Saucy Jack is frequently performed, due to its small cast and the ease of its staging. There are four characters: Prince Eddy, J.K. Stephen, M.J. Druitt and a fictional woman named Kate (whose name has no doubt been chosen with the victim Eddowes in mind.) All the action takes place at the home of Henry Wilson -- though he never appears on stage. Stephen has called a meeting of the Apostles -- Pollack has undoubtedly read Howells and Skinner -- at which he presents an unusual entertainment: a hired actress will re-enact the Whitechapel murders. It soon becomes clear that Stephen believes he is the killer. Is this true, or just a delusion? Or is the real killer somebody else in the same room? Rumbelow's alleged "knives of Jack the Ripper" are the major clues, and Druitt is depicted as a straight man, unjustly accused and wrongfully fired from his school. Much of the suspense in the play comes from the fact that it is set on December 1st -- we know that this is Druitt's last day on earth, but he doesn't. Will he jump, or will somebody give him a little push?

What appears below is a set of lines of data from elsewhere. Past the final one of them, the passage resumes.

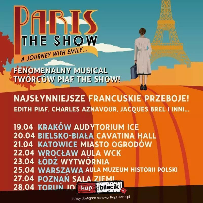 Paris! The Show - The Greatest French Songs - Fenomenalny musical autorów Piaf! The Show. Największe francuskie przeboje: Edith Piaf, Charles Aznavour, Jacques Brel, Maurice Chevalier, Josephine Baker, Yves Montand.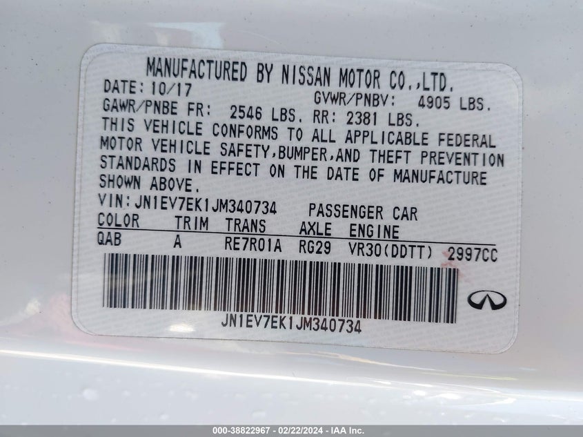 INFINITI Q60 2018 3.0T SPORT White 3.0L V-6 DI, DOHC, VVT, turbo, 300HP VIN: JN1EV7EK1JM340734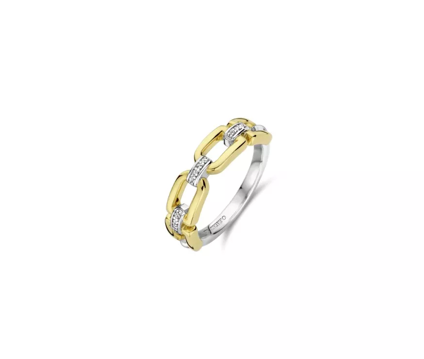 Ovaj TI SENTO pozlac´eni prsten 12321ZI je sofisticirani spoj bezvremenskog dizajna i nenaglašenog glamura. Prsten sadrži žuto pozlac´ene karike koje se drže zajedno sitnim popločanim karikama ukrašenim cirkonima. Izrađen od vrhunskog srebra 925, njegov moderan klasični dizajn odiše elegancijom, što ga čini idealnim dodatkom za ležerne i svečane prilike.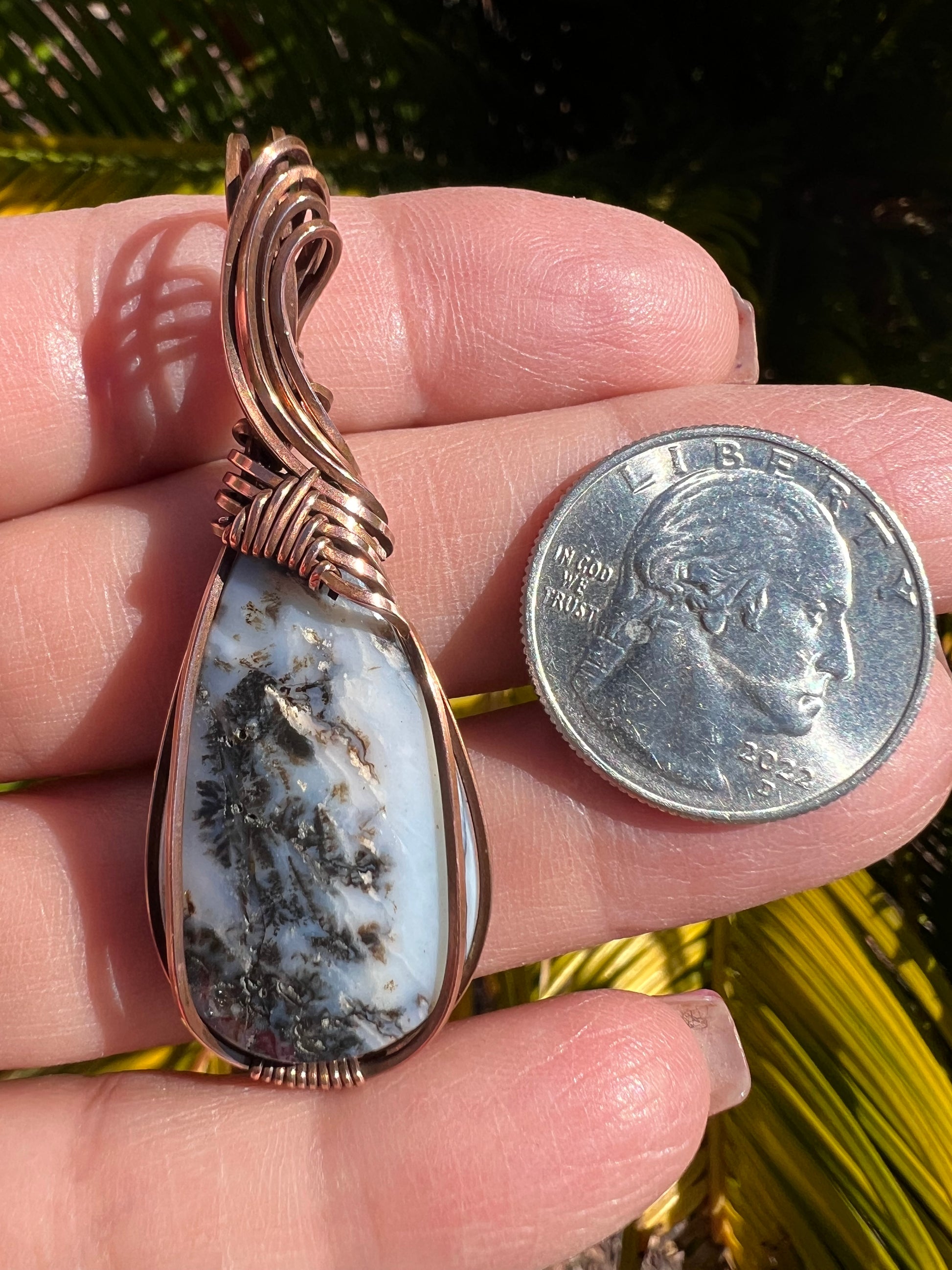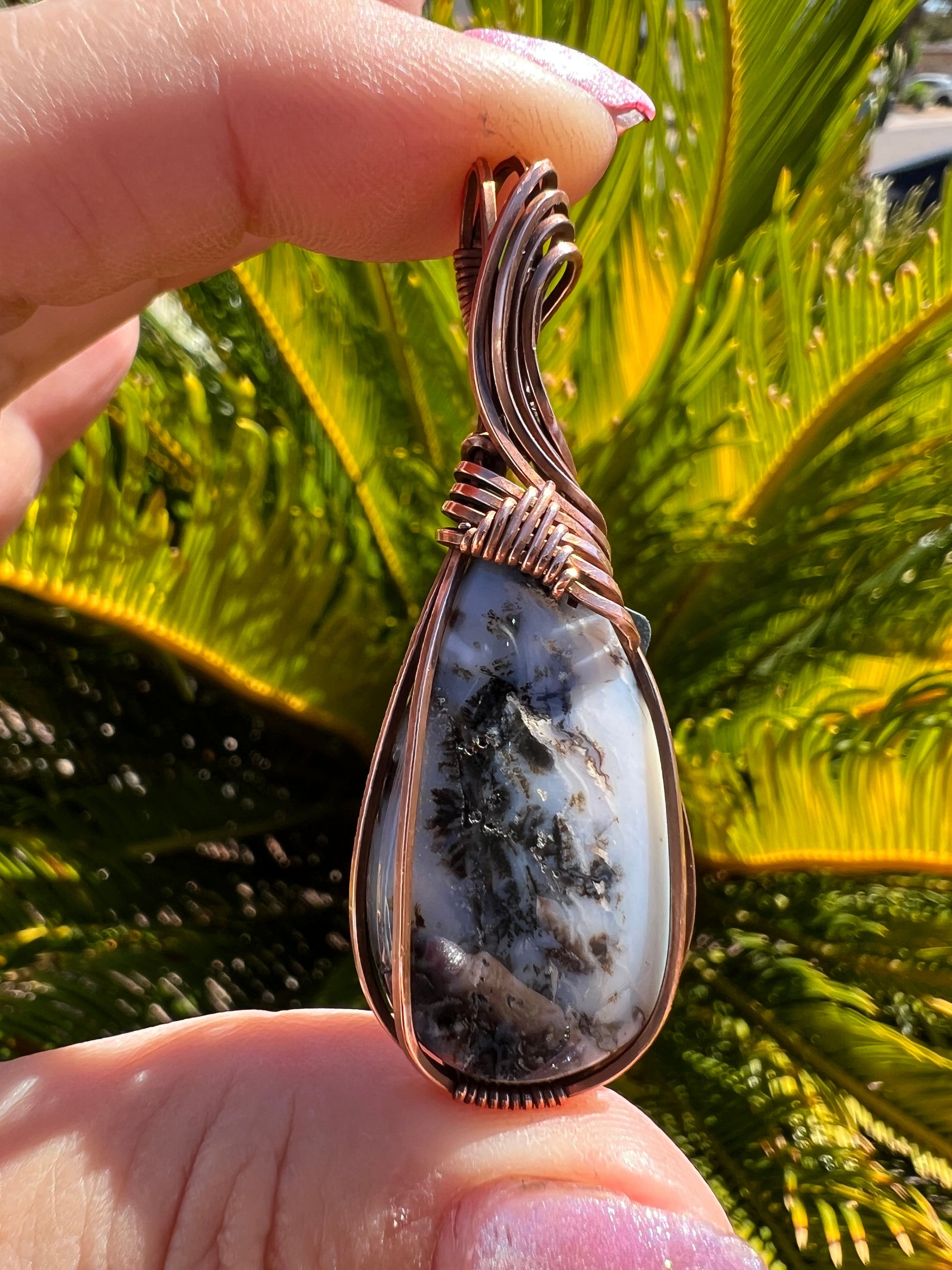Wrapped in warm copper tones, this one-of-a-kind piece channels grounding energy and spiritual clarity. Dendritic Opal is known for supporting deep reflection, shadow work, and energetic cleansing. It whispers to the dreamer, the seeker, the old soul.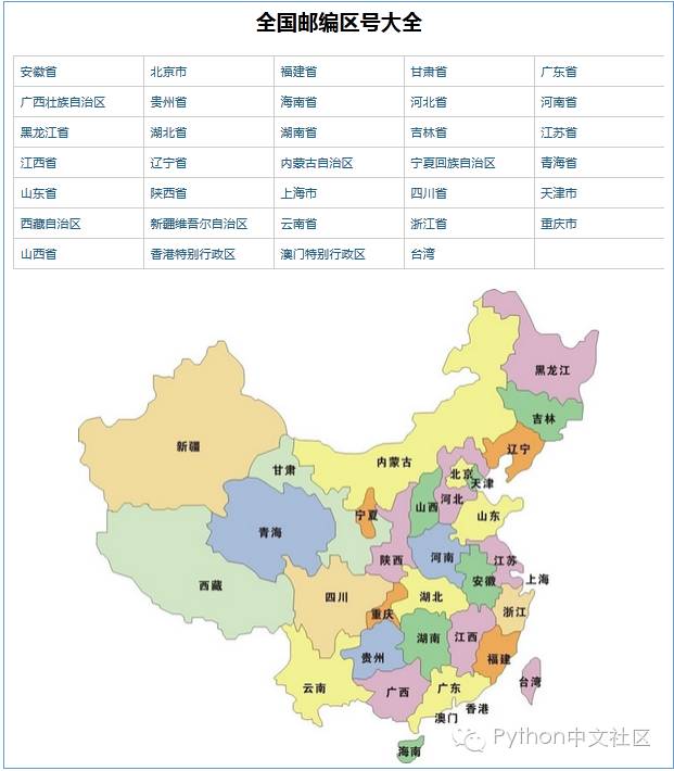 processes=4是最多并发进程数量,使用Pool,还需要关注每个进程的执行结果。下面以多进程抓取全国邮政编码和长途区号为例。目标站点:http://www.ip138.com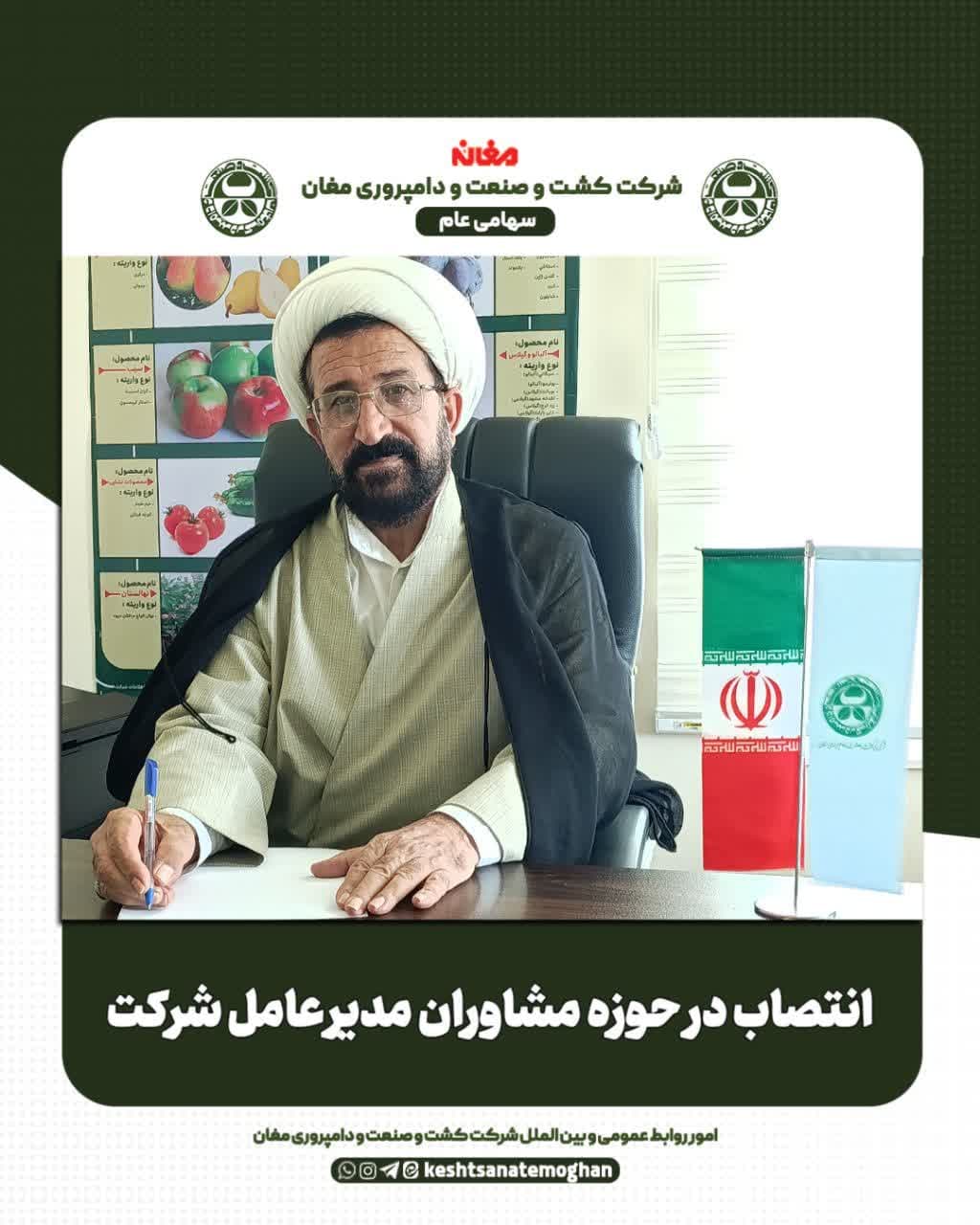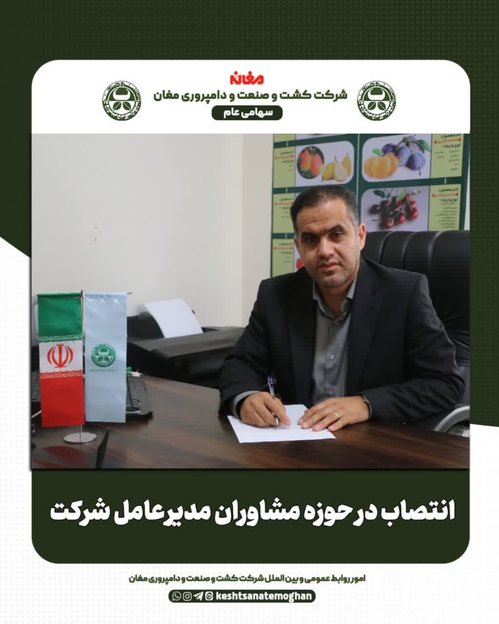 ✅به گزارش امور روابط عمومی و بین الملل شرکت کشت و صنعت و دامپروری مغان طی حکمی که به امضای مهندس خلیل نیک شاد، مدیر عامل شرکت رسید، کریم جعفرزاده بعنوان مشاور مدیر عامل در امور حقوقی تعیین و منصوب گردید.

The strengths of this play lie in Pollack's gift for dialogue and in the detailed exposition of Stephen's character. The weaknesses lie in letting the deranged suspect have too many rambling, incoherent monologues, (and especially in letting him begin the play with one such) and in the weakness of Kate's character -- she's a monosyllabic prop for the menfolk, and we might have expected a female playwright to be less sexist. Also, in focussing on Prince Eddy and his circle, many strong suspects and theories are completely ignored. Lawende's alleged identification of Kosminski doesn't rate a mention (Pollack names Schwartz as the mystery witness, and does not name his suspect.)

There's no doubt that Pollack can write, and this play is worth the price of admission, especially for fans of The Ripper Legacy. But if only she'd been a little less creative, and simply written Blood Relations II!